• Recorded information:
------------------------------------------------
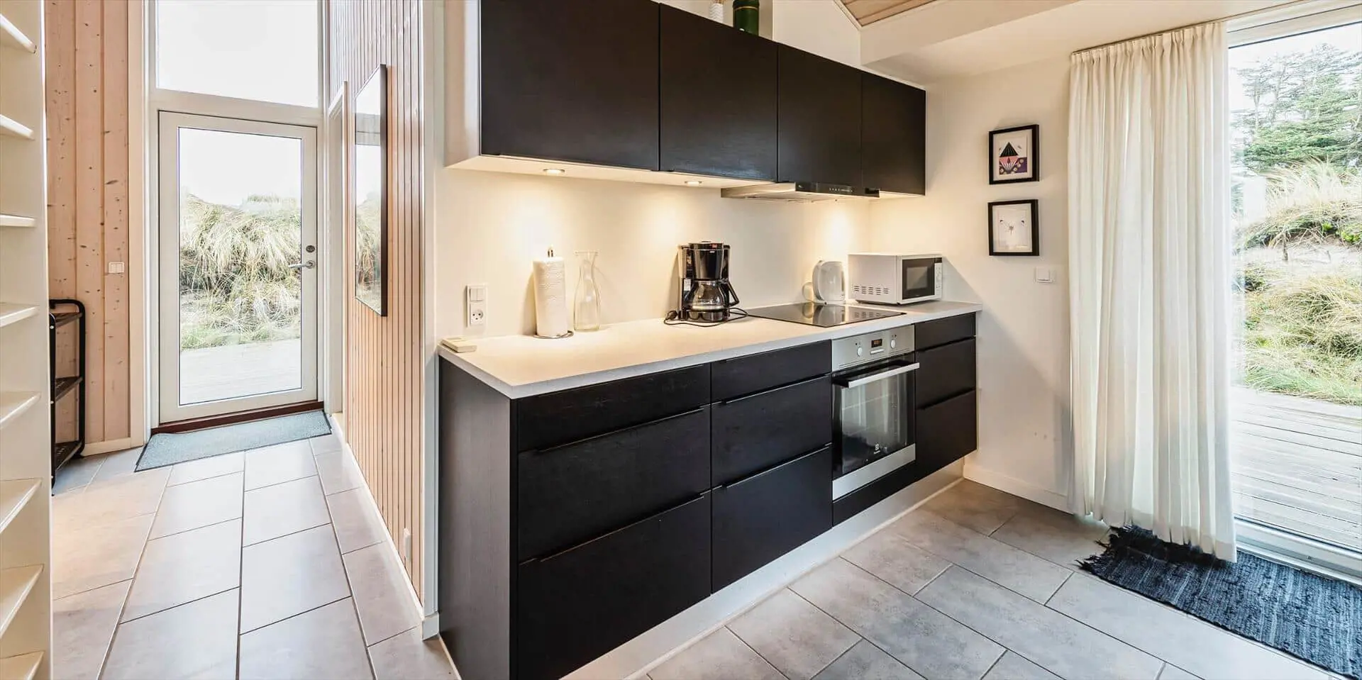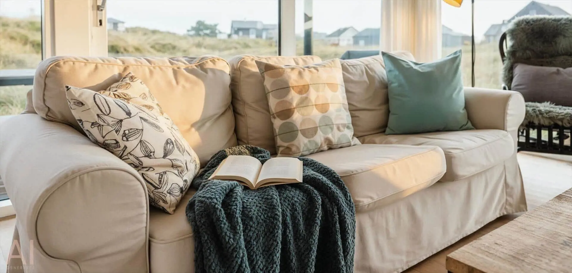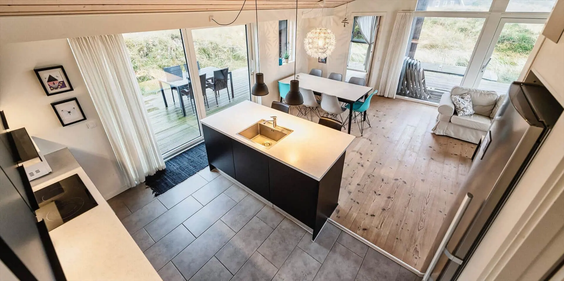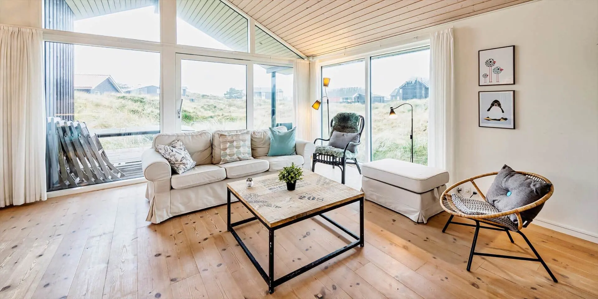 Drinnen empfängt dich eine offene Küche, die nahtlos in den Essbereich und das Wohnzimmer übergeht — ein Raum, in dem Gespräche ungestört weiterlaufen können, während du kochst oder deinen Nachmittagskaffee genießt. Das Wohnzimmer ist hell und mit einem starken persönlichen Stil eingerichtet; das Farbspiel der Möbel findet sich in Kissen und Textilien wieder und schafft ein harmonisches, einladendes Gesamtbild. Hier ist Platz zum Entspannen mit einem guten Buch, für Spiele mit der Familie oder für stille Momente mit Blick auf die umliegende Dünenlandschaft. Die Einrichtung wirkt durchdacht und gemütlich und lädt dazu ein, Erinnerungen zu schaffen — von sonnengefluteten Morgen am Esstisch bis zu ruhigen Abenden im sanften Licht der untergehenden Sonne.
------------------------------------------------
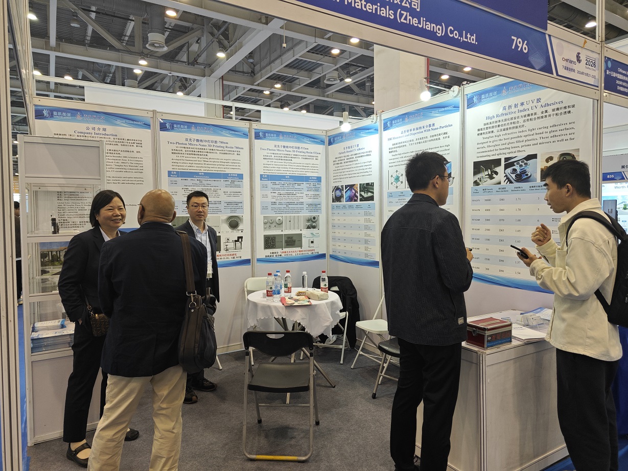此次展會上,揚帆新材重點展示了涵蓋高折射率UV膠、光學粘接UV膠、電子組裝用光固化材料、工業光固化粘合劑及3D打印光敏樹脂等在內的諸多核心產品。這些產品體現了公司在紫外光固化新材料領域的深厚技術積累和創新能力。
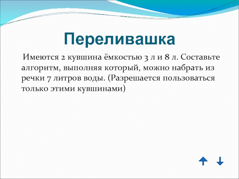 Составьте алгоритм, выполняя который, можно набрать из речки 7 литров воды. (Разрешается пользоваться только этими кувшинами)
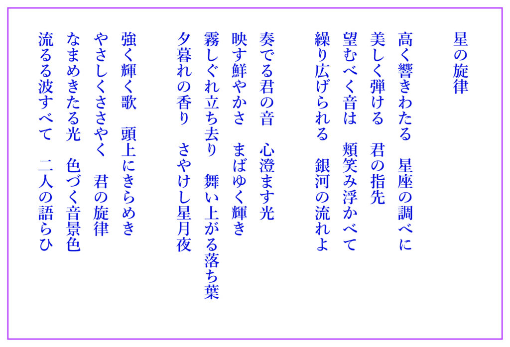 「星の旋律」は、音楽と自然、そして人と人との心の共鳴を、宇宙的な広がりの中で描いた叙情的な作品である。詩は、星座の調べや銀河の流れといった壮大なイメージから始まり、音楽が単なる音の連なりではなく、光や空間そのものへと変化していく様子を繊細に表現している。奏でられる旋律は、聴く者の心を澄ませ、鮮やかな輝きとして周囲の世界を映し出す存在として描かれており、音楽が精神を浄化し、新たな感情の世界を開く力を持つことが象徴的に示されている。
------------------------------------------------
• Problem to solve:
Reproduce the records above exactly, but only from the line with "此次展會上,揚帆新材重點展示" up to and including the line with "Составьте алгоритм, выполняя". Leave the pictures out.

• Response:
此次展會上,揚帆新材重點展示了涵蓋高折射率UV膠、光學粘接UV膠、電子組裝用光固化材料、工業光固化粘合劑及3D打印光敏樹脂等在內的諸多核心產品。這些產品體現了公司在紫外光固化新材料領域的深厚技術積累和創新能力。
 Составьте алгоритм, выполняя который, можно набрать из речки 7 литров воды. (Разрешается пользоваться только этими кувшинами)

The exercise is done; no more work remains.